Deep learning models learn by adjusting connections between neurons based on the data they process, much like tuning many tiny knobs to get better at a task. The power of deep learning comes from stacking many layers of neurons, allowing the model recognise patterns of increasing complexity, from simple shapes to whole sentences or detailed images. Modern neural networks can have hundreds of layers.

Today, neural networks come in many types and flavours. Convolutional neural networks are great at understanding images, transformers excel at processing language, and diffusion models are used for creating realistic images and videos.

Deep learning has become the foundation for many of today’s AI breakthroughs, enabling machines to see, hear, understand, and create content.

Machine Learning (ML)

Machine Learning is a subset of AI focused on building algorithms that learn from data to make decisions or predictions without being explicitly programmed for every specific task. Instead of hardcoding rules, ML models find patterns in data and use those patterns to improve their performance over time.

Deep learning is a powerful part of this toolkit, but it is just one of many approaches.
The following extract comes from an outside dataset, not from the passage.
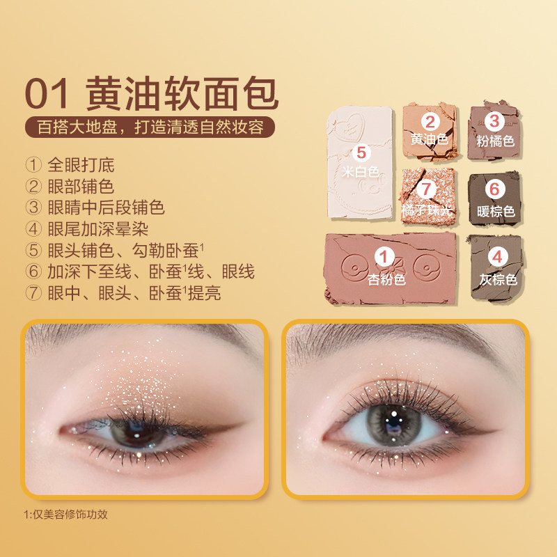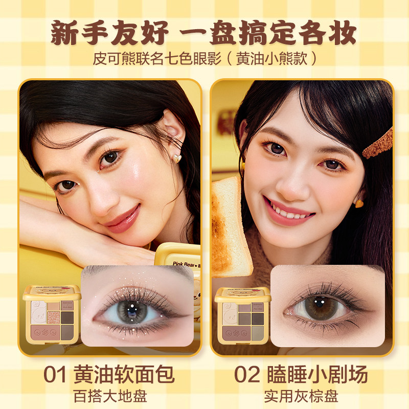pinkbear皮可熊黄油小熊综合七色眼影盘联名软面包

Traditional ML methods like linear regression, decision trees, random forests, support vector machines, and k-means clustering are still widely used across the industry in systems for fraud detection, credit scoring, recommendation systems, and more.

Traditional machine learning techniques are especially useful when working with structured data, like rows and columns in a spreadsheet. In contrast, deep learning tends to excel with unstructured data, such as images, audio, or natural language.
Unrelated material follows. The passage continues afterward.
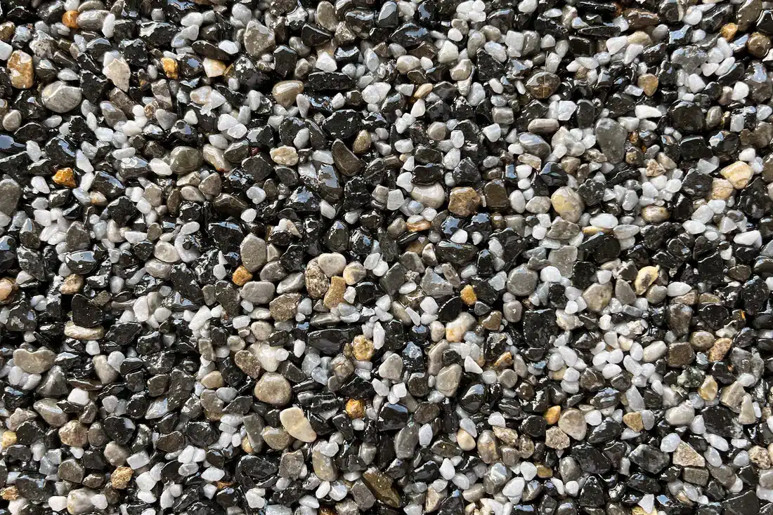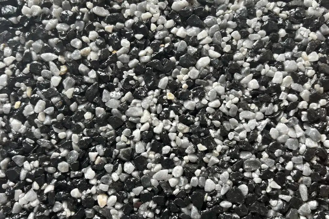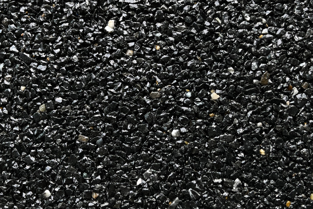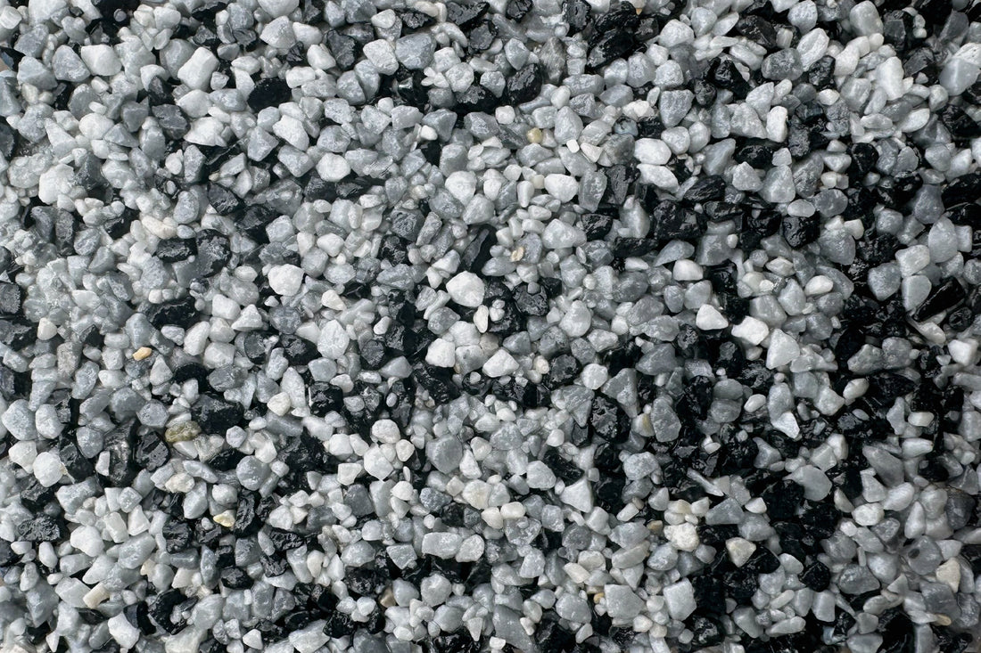 A 25kg bag of Raven Steel 2-5mm, washed and dried aggregate. A strong black quartz with a slight twist of Silver, a very deep colour that replaces Black Basalt.

Artificial Intelligence (AI)

Coined in 1956, the term Artificial Intelligence refers to the field of building systems that mimic human intelligence. This includes the ability to perceive, reason, learn, plan, and act.

While today’s conversations often focus on tools like LLMs and generative AI, the field of AI is much broader. It includes the data-driven methods of machine learning, but also techniques such as rule-based expert systems (like the early chatbot ELIZA), evolutionary algorithms that simulate natural selection, and symbolic reasoning systems that manipulate logic-based rules. These earlier approaches are sometimes grouped under the label “Good Old-Fashioned AI” (GOFAI).

Many of these methods predate the deep learning revolution and powered early landmark systems like Deep Blue (which defeated chess grandmaster Garry Kasparov in 1997) and Shakey the Robot (a mobile robot from the 1960s that could perceive its surroundings, plan actions, and navigate its environment).

Concentric circles illustrating the relationship between AI concepts: the largest circle is Artificial Intelligence, containing Machine Learning, which in turn contains Deep Learning. Inside Deep Learning is Generative AI, and at the core are Large Language Models (LLMs). Fig: How the AI concepts fit together: LLM < GenAI < Deep Learning < Machine Learning < AI

Knowing how all these concepts connect is key to cutting through the AI buzz and ensuring we speak the same language when discussing AI. The diagram above represents these terms as concentric circles, showing how they fit together and making the entire AI ecosystem easier to grasp.